I'd like some recommendations of how to aquascape my low light tank and finish it off before I completely plant it up. I run a Finnex Planted+ 24/7 at 50% for 8 hours a day, dose PPS Pro 2-3 times a week, and run pressurized CO2. I don't want any stem plants or moss. Should I reposition driftwood, get more driftwood, or add any rocks? Plant recommendations are welcome. I currently have Windelov Java Fern, some Buces, Anubias nana, Crypt wendtii 'bronze', a Red Flame Sword, and Crypt wendtii 'red'. I won't be keeping the Crypt wendtii 'red'. 


Sent from my iPhone using Tapatalk


----------



## Diana (Jan 14, 2010)

I think the wood you have could be better spotted. Both pieces are way too far out away from the focal points. The left one especially. 
They look like nice pieces of wood, from what I can see of them.
Can the one on the right be turned around so the long stem-like part aims toward the middle of the tank, sort of? This would redirect the eye back into the tank rather than leading it off into space.


----------



## FishEnthusiast98 (May 17, 2014)

Diana said:


> I think the wood you have could be better spotted. Both pieces are way too far out away from the focal points. The left one especially.
> They look like nice pieces of wood, from what I can see of them.
> Can the one on the right be turned around so the long stem-like part aims toward the middle of the tank, sort of? This would redirect the eye back into the tank rather than leading it off into space.



I believe the right piece can be turned that way, but if not, I could always switch the driftwood with the Anubias to the left side of the tank, as the other piece can go to the right side. Where would the focal points be? 


Sent from my iPhone using Tapatalk


----------



## FishEnthusiast98 (May 17, 2014)

Although my tank is not like this currently, do you think I should try to utilize my driftwood this way? I could buy a few more smaller pieces to appear as if they are a part of the bigger piece. I'm currently using spider wood. I can get rocks, but I have Kuhli Loaches, so the rocks cannot be sharp. I welcome all ideas, and examples would be very helpful if you guys can find any. 











Sent from my iPhone using Tapatalk

















Here are closer looks at each individual piece. 

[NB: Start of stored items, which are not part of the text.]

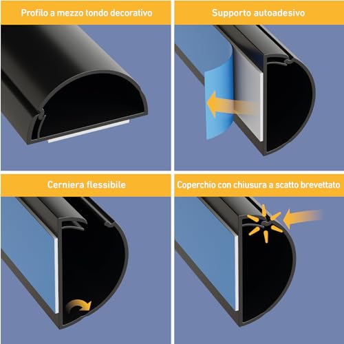 Passacavi D-Line - Profilo semicircolare per nascodere cavi su muri in maniera ordinata anche colorata per una rifinitura perfetta.
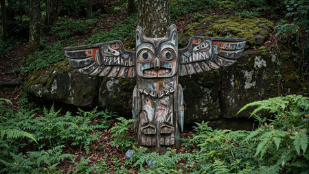 Mystical totem pole with animal carvings in lush forest
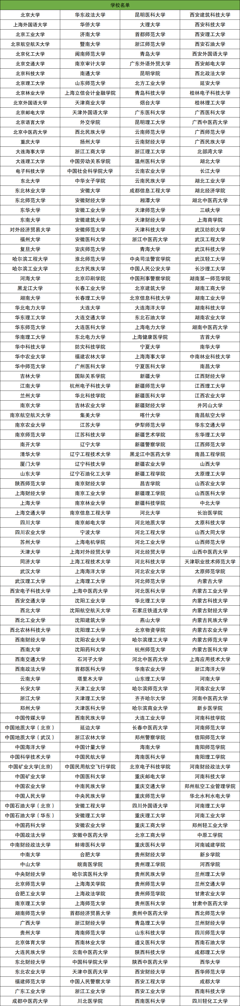 该计划的招生院校主要是中央部门所属高校和各省(区、市)所属重点高校,具体院校名单如下图:
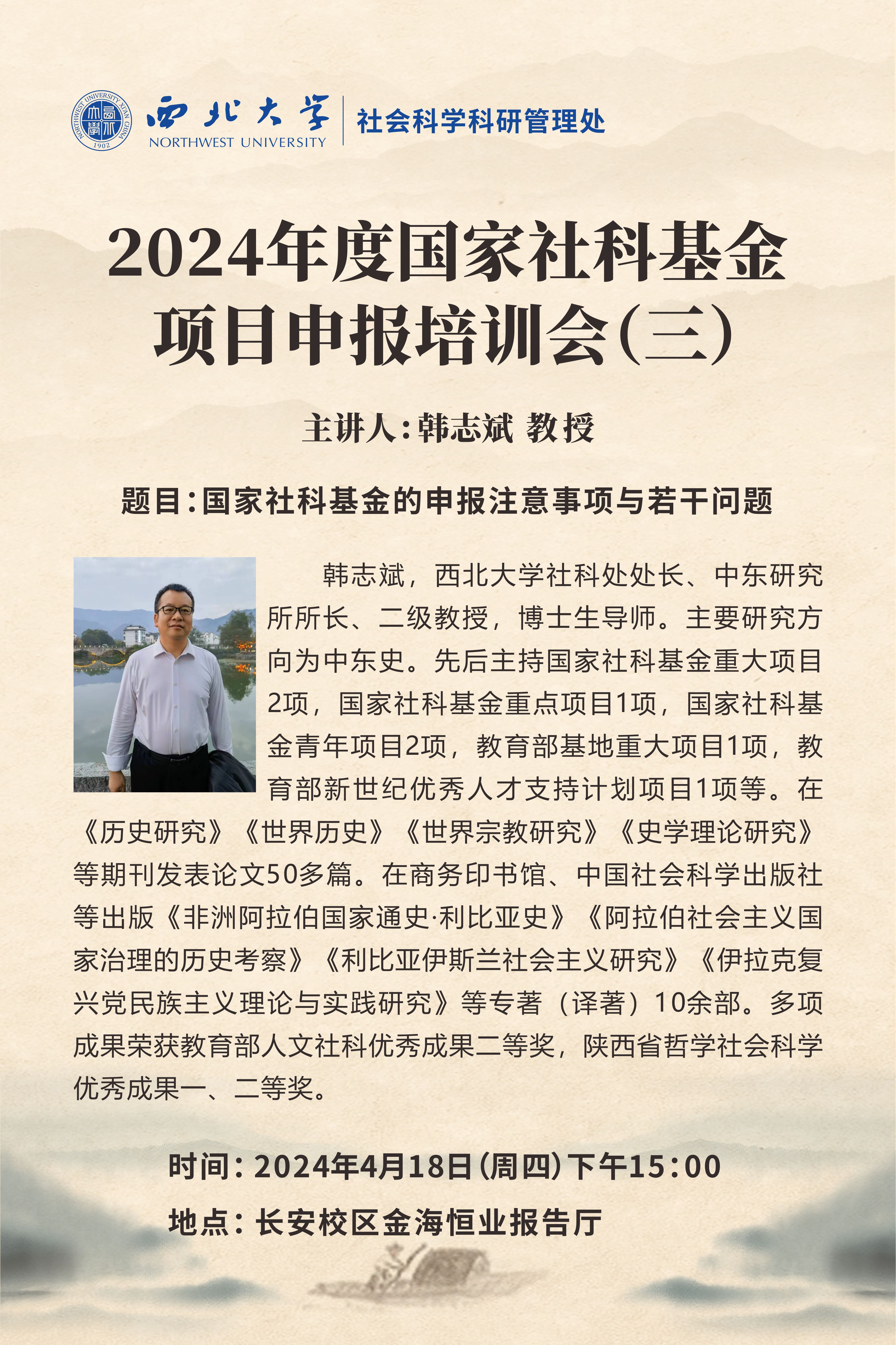 关于召开2024年度国家社科基金项目申报培训会的通知 作者: 编辑:黄心一 时间:2024-04-16 时间:2024年4月18日(周四) 地点:长安校区金海恒业报告厅 参会人员:2024年度国家社科基金项目申请人
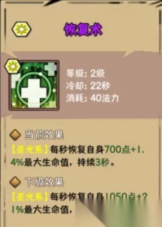 恢復(fù)術(shù):顧名思義就是一個治療技能,但是新手期自身基數(shù)太小,效果不是很明顯,從技能數(shù)值上看,后續(xù)基數(shù)高了,效果還是杠杠的。
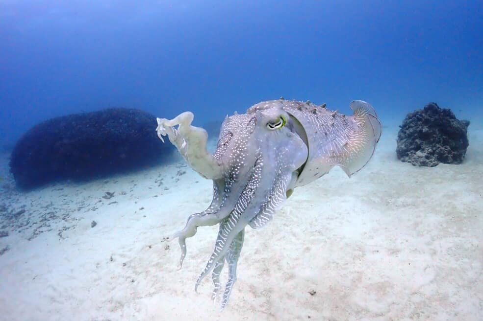 春先まで、冬のダイビングの楽しみはコブシメで決まり~!!サンゴに卵を産み付けるシーンも。

Sent from my iPhone using Tapatalk


----------



## Diana (Jan 14, 2010)

The picture you added of the Discus tank shows the right placement. 
See the tic-tac-toe grid? See the junction of the lower line with the 2 verticals? Those 2 junctions would be the center of the driftwoods, if you used 2 separate pieces. This tank is a more centered structure, but because the wood is different left and right it is not perfectly symmetrical. The wood on the left could draw your eye in, toward the center, or lead you up and out of the tank. But there is so much going on elsewhere that this is not the main focus. Your eye is drawn in to see the rest of it. 
The branches on the right have interesting and strong arches taking the eye down to the smallest rock. The rocks build in a progression small>medium>large, which the eye follows to the base of the wood that goes upward, the change in direction is helped by the 'roots' of the large mass of wood that are aimed toward the center of the mass. On the far left an arrangement of angled rock matches the angle of a long, slender root, and both put together start pushing your eye back out through the structure to the strong branches on the right. The angle of root and wood is the same as that main branch on the right, too. 

In the pictures of your wood I think I am seeing:
first: Not a lot of direction. The branches sort of shoot out all directions (this is not a problem). Is there a main branch going off to the right?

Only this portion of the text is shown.